The linux-2.4.21-mlock.patch in Red Hat Enterprise Linux 3 does not properly maintain the mlock page count when one process unlocks pages that belong to another process, which allows local users to mlock more memory than specified by the rlimit.
Local privilege escalation is possible on vulnerable Red Hat Enterprise Linux 3 systems due to a flaw in the mlock functionality. This allows a malicious user to bypass memory limits, potentially leading to denial-of-service or the ability to execute arbitrary code with elevated privileges by exhausting system resources.
Step 1: Initial Setup: A user with local access to the vulnerable system logs in.
Step 2: Resource Limit Check: The user verifies the existing rlimit for locked memory using ulimit -l or similar tools.
Step 3: Memory Locking: The malicious user attempts to lock a large amount of memory, approaching the rlimit.
Step 4: Triggering the Vulnerability: The user then unlocks the locked memory.
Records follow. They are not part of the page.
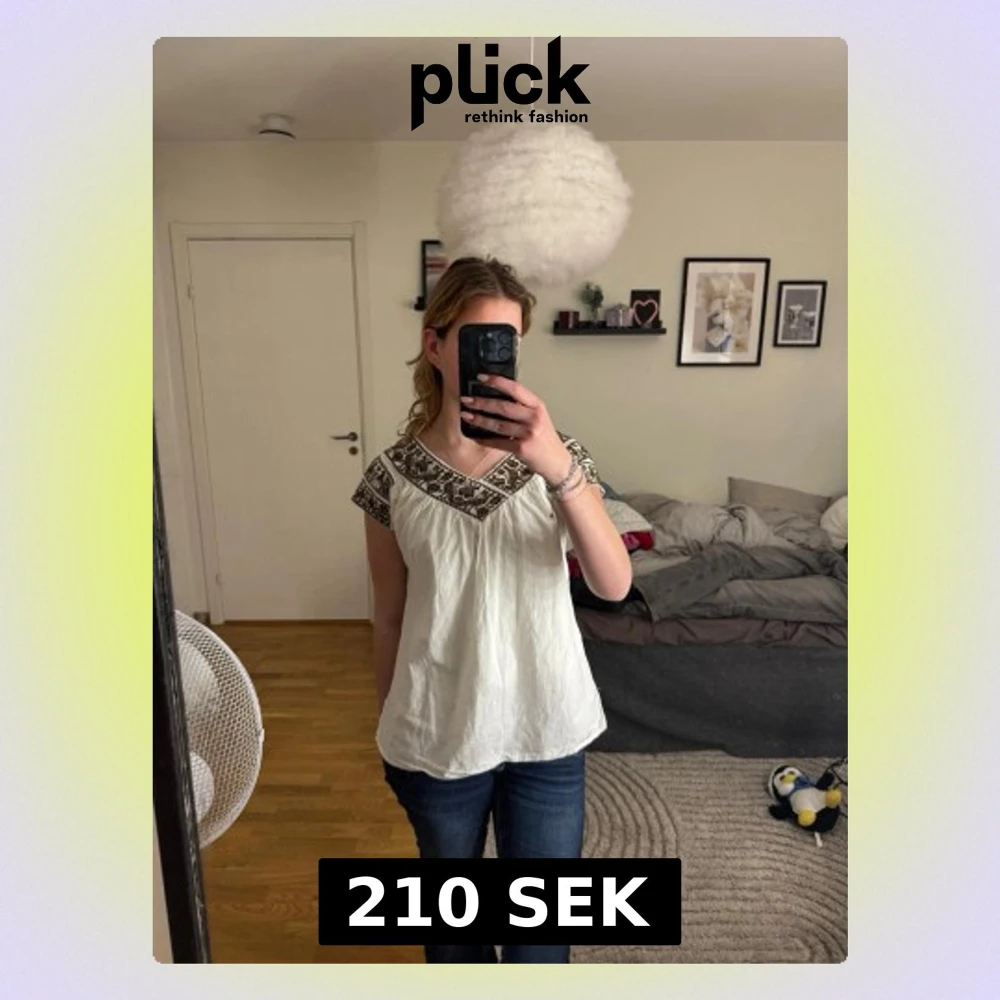 Superfin och luftig vit blus med vackert mörkbrunt/svart broderi runt halsringningen och ärmarna. Blusen har en smickrande V-ringning och en lös, bekväm passform. Perfekt för sommarens fester, semestern eller till ett par snygga denim-shorts. Ett måste för dig som gillar den bohemiska stilen! • Stil: Boho / Folkloristisk • Storlek: Uppskattas till S/M (se bild för passform) • Skick: Fint begagnat skick.
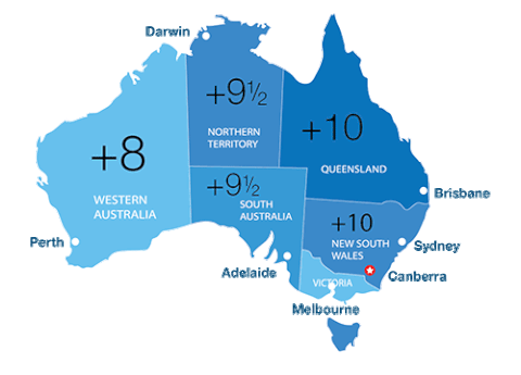 - Múi giờ: Do diện tích rộng lớn, Australia có 3 múi giờ khác nhau: UTC+8 tới +10.5. Việc chỉnh giờ theo mùa (daylight Saving) được thực hiện ở 1 số tiểu bang mùa hè UTC+9 tới +11.5.
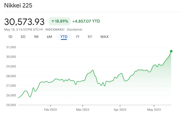 欧美银行业危机余波未平叠加美国债务上限僵局,也使众多海外投资者将视线转向了亚洲股市,而日股成了绝佳的避险之地。

Due to the flaw in the mlock patch, the kernel may not correctly decrement the locked page count.
Step 5: Repeated Locking and Unlocking: The user repeatedly locks and unlocks memory, exploiting the incorrect page count tracking to bypass the rlimit.
Step 6: Memory Exhaustion (DoS): The user continues to lock memory beyond the intended limit, potentially exhausting system resources like physical RAM or swap space, leading to a denial-of-service condition.
Step 7: Potential Code Execution (Less Likely): In a highly complex scenario, the attacker might attempt to store malicious code in the locked memory, although this is less likely and depends on other vulnerabilities. This is more of a theoretical possibility.
The vulnerability lies within the linux-2.4.21-mlock.patch applied in Red Hat Enterprise Linux 3. The patch fails to correctly track the number of pages locked by each process. Specifically, when one process unlocks memory pages that were previously locked by another process, the kernel's internal page count is not properly decremented. This leads to an inconsistent state where the kernel believes less memory is locked than is actually the case. A malicious user can then exploit this by repeatedly locking and unlocking memory, effectively bypassing the rlimit (resource limit) imposed on the amount of memory a process can lock. This can lead to memory exhaustion, potentially causing a denial-of-service (DoS) condition. Furthermore, in a worst-case scenario, the attacker could potentially use the extra locked memory to store malicious code, although this is less likely and depends on other vulnerabilities.